Content starts

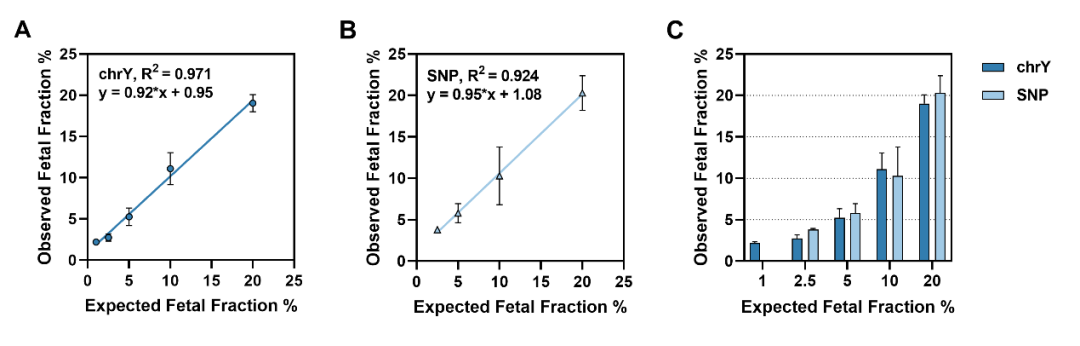 优异的检测灵敏度:对于Y染色体法,最低可检出1%的FF;对于SNP法,最低检出限为2.5%。
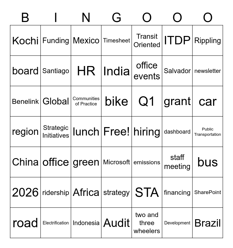 This bingo card has a free space and 48 words: STA, Salvador, Audit, Strategic Initiatives, Communities of Practice, Public Transportation, Funding, Electrification, ITDP, Microsoft, Rippling, Timesheet, grant, Q1, 2026, dashboard, board, newsletter, financing, Transit Oriented, office events, lunch, Kochi, Santiago, SharePoint, HR, car, road, bike, Global, Development, hiring, bus, ridership, region, emissions, staff meeting, Benelink, green, Africa, China, Brazil, Mexico, Indonesia, India, strategy, office and two and three wheelers.
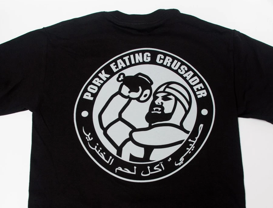 Basierend auf unserem Schweinefleisch essenden Kreuzritter-Design.
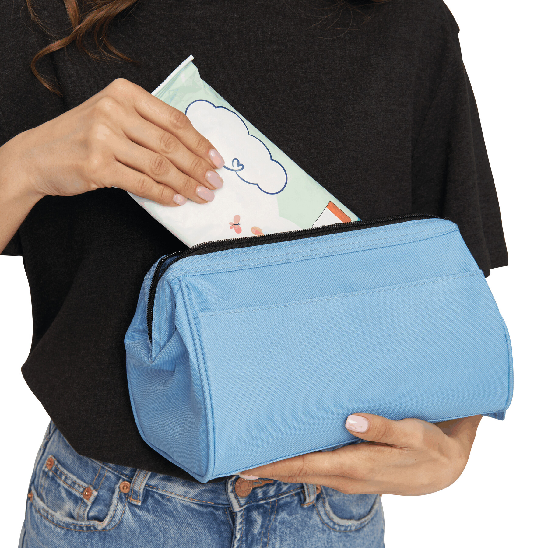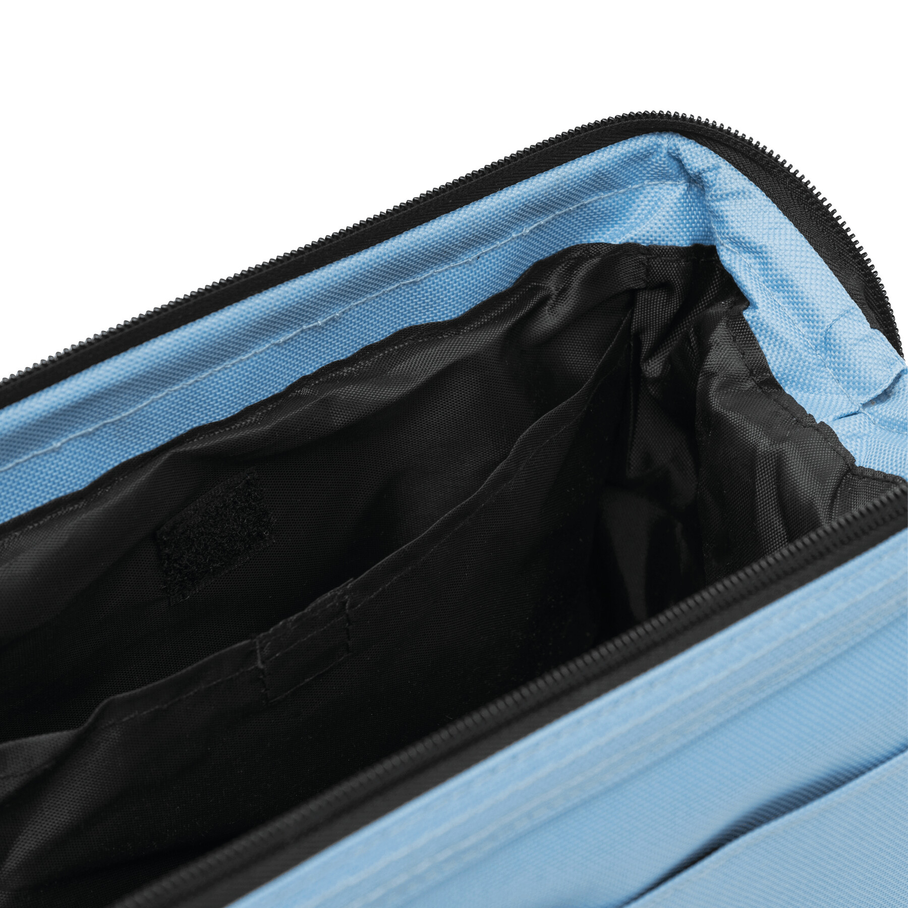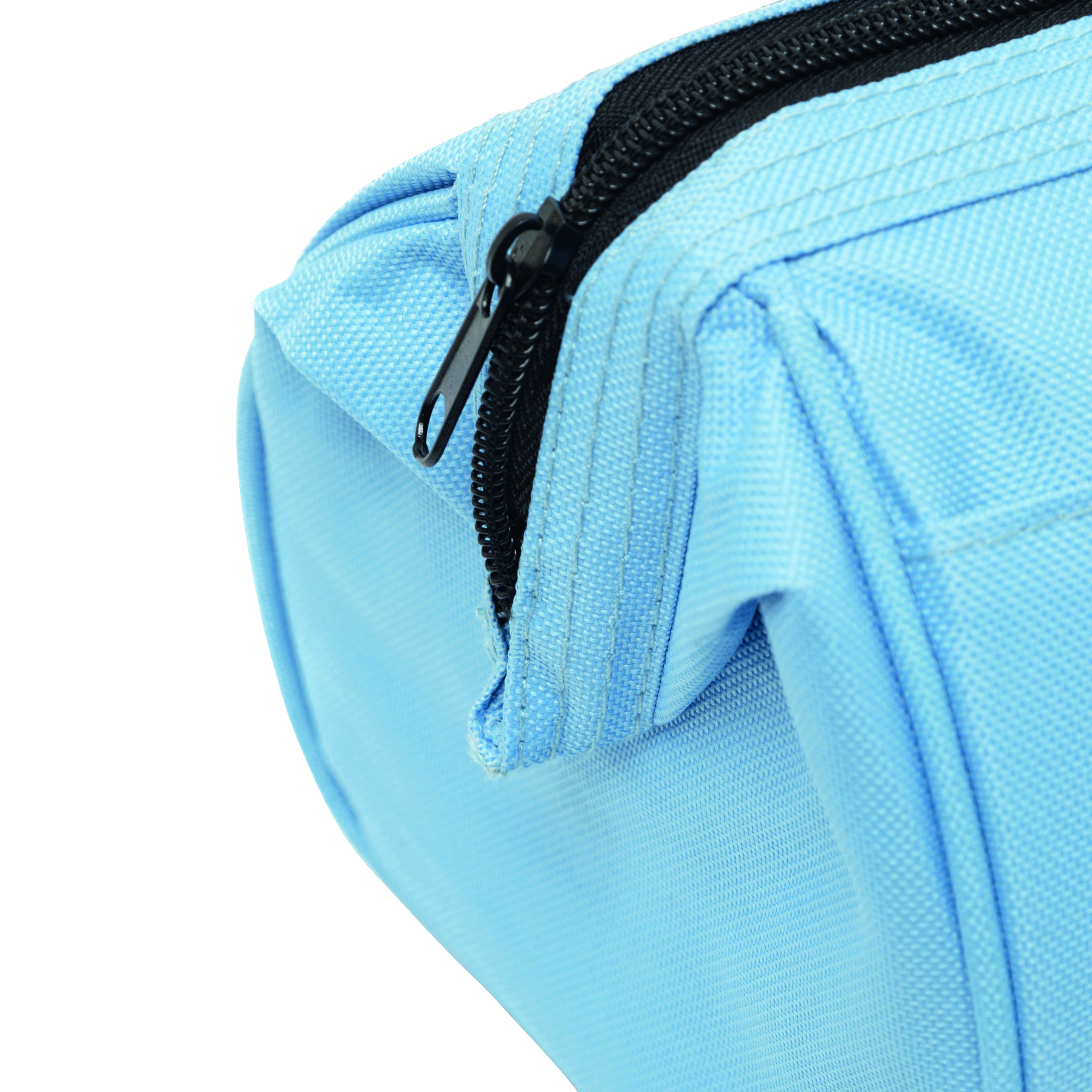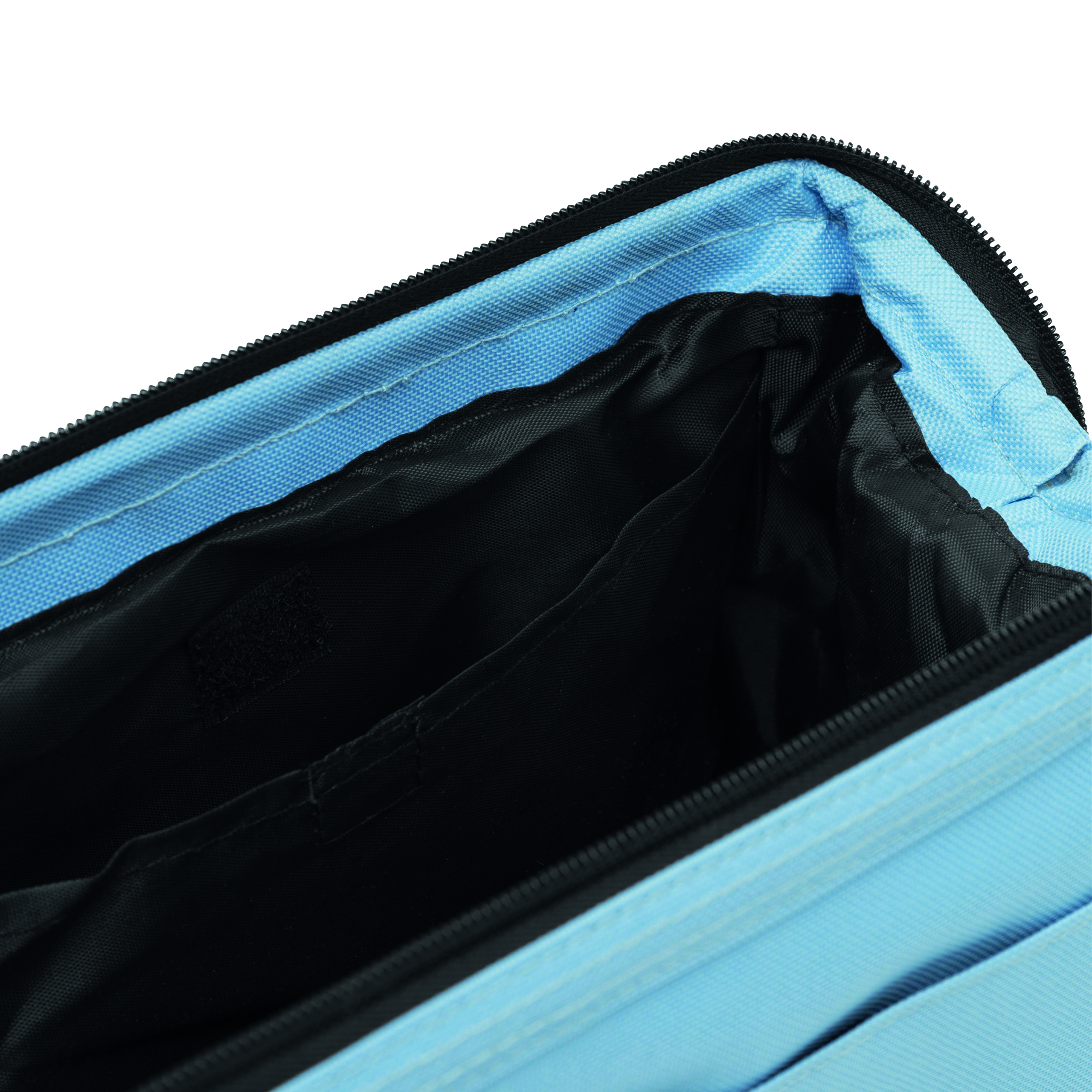 Kosmetyczka DAYBREAK, główna komora zaciskana metalową obejmą i zamkiem, wewnątrz kieszeń na rzep i zamykana na zamek, na zewnątrz jedna kieszeń na rzep.
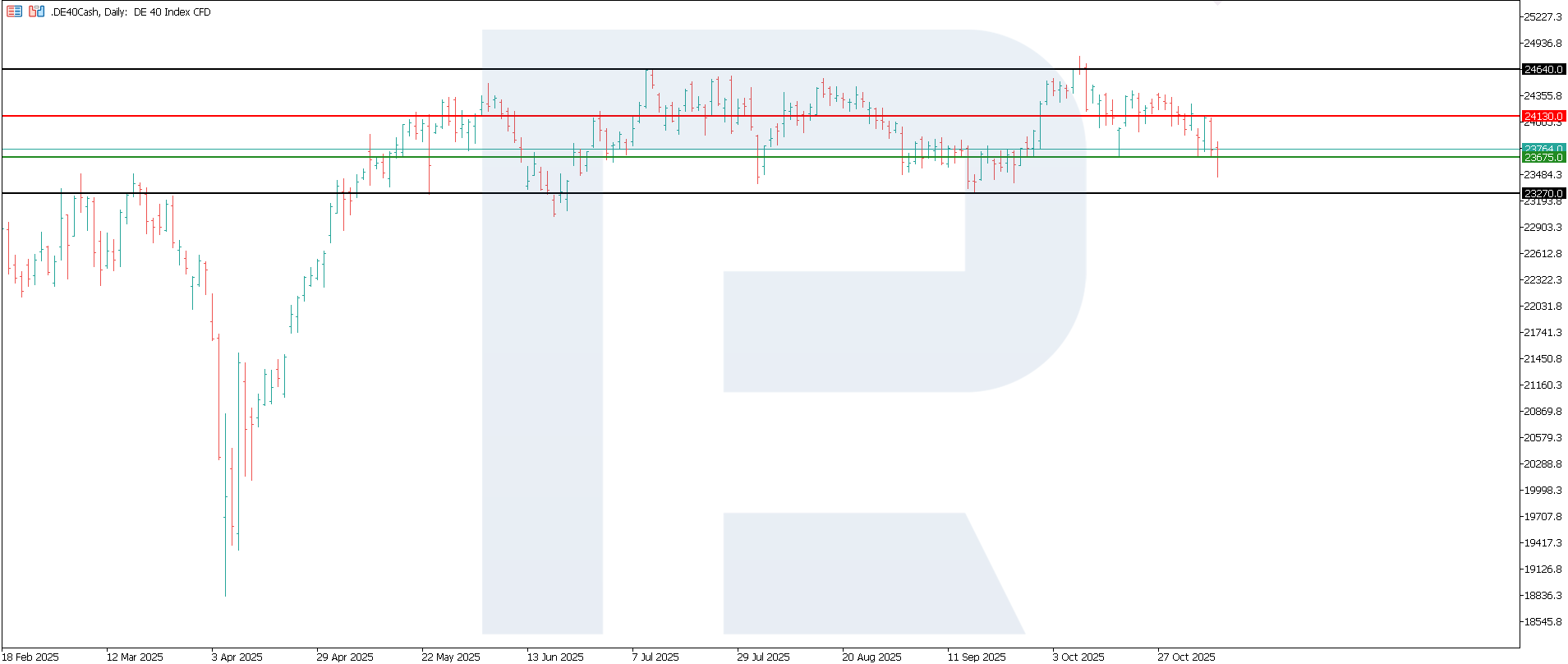 Сыртқы сектордағы әлсіздік белгілері Еуропалық орталық банктің жұмсақ саясат ұстанымын қолдайды, бұл облигациялар кірістілігінің өсуін шектеп, жылжымайтын мүлік, инфрақұрылым және тұтынушылық сектордың кейбір бөліктеріне қолдау көрсетеді. Жалпы алғанда, сауда балансы есебінің Германия қор нарығы мен DE 40 индексіне әсері экспортқа бағытталған және циклдік компаниялар үшін қалыпты теріс, ал жұмсақ қаржы жағдайлары мен әлсіреуі мүмкін еуродан пайда көретін секторлар үшін бейтарап немесе сәл қолайлы болып табылады. Индекс үшін ең жақын төмендеу мақсаты – 23,270.0 деңгейі.

Content ends

## Your task
Set down every entry word for word, but omit the pictures.

## Result below
 优异的检测灵敏度:对于Y染色体法,最低可检出1%的FF;对于SNP法,最低检出限为2.5%。
 This bingo card has a free space and 48 words: STA, Salvador, Audit, Strategic Initiatives, Communities of Practice, Public Transportation, Funding, Electrification, ITDP, Microsoft, Rippling, Timesheet, grant, Q1, 2026, dashboard, board, newsletter, financing, Transit Oriented, office events, lunch, Kochi, Santiago, SharePoint, HR, car, road, bike, Global, Development, hiring, bus, ridership, region, emissions, staff meeting, Benelink, green, Africa, China, Brazil, Mexico, Indonesia, India, strategy, office and two and three wheelers.
 Basierend auf unserem Schweinefleisch essenden Kreuzritter-Design.
 Kosmetyczka DAYBREAK, główna komora zaciskana metalową obejmą i zamkiem, wewnątrz kieszeń na rzep i zamykana na zamek, na zewnątrz jedna kieszeń na rzep.
 Сыртқы сектордағы әлсіздік белгілері Еуропалық орталық банктің жұмсақ саясат ұстанымын қолдайды, бұл облигациялар кірістілігінің өсуін шектеп, жылжымайтын мүлік, инфрақұрылым және тұтынушылық сектордың кейбір бөліктеріне қолдау көрсетеді. Жалпы алғанда, сауда балансы есебінің Германия қор нарығы мен DE 40 индексіне әсері экспортқа бағытталған және циклдік компаниялар үшін қалыпты теріс, ал жұмсақ қаржы жағдайлары мен әлсіреуі мүмкін еуродан пайда көретін секторлар үшін бейтарап немесе сәл қолайлы болып табылады. Индекс үшін ең жақын төмендеу мақсаты – 23,270.0 деңгейі.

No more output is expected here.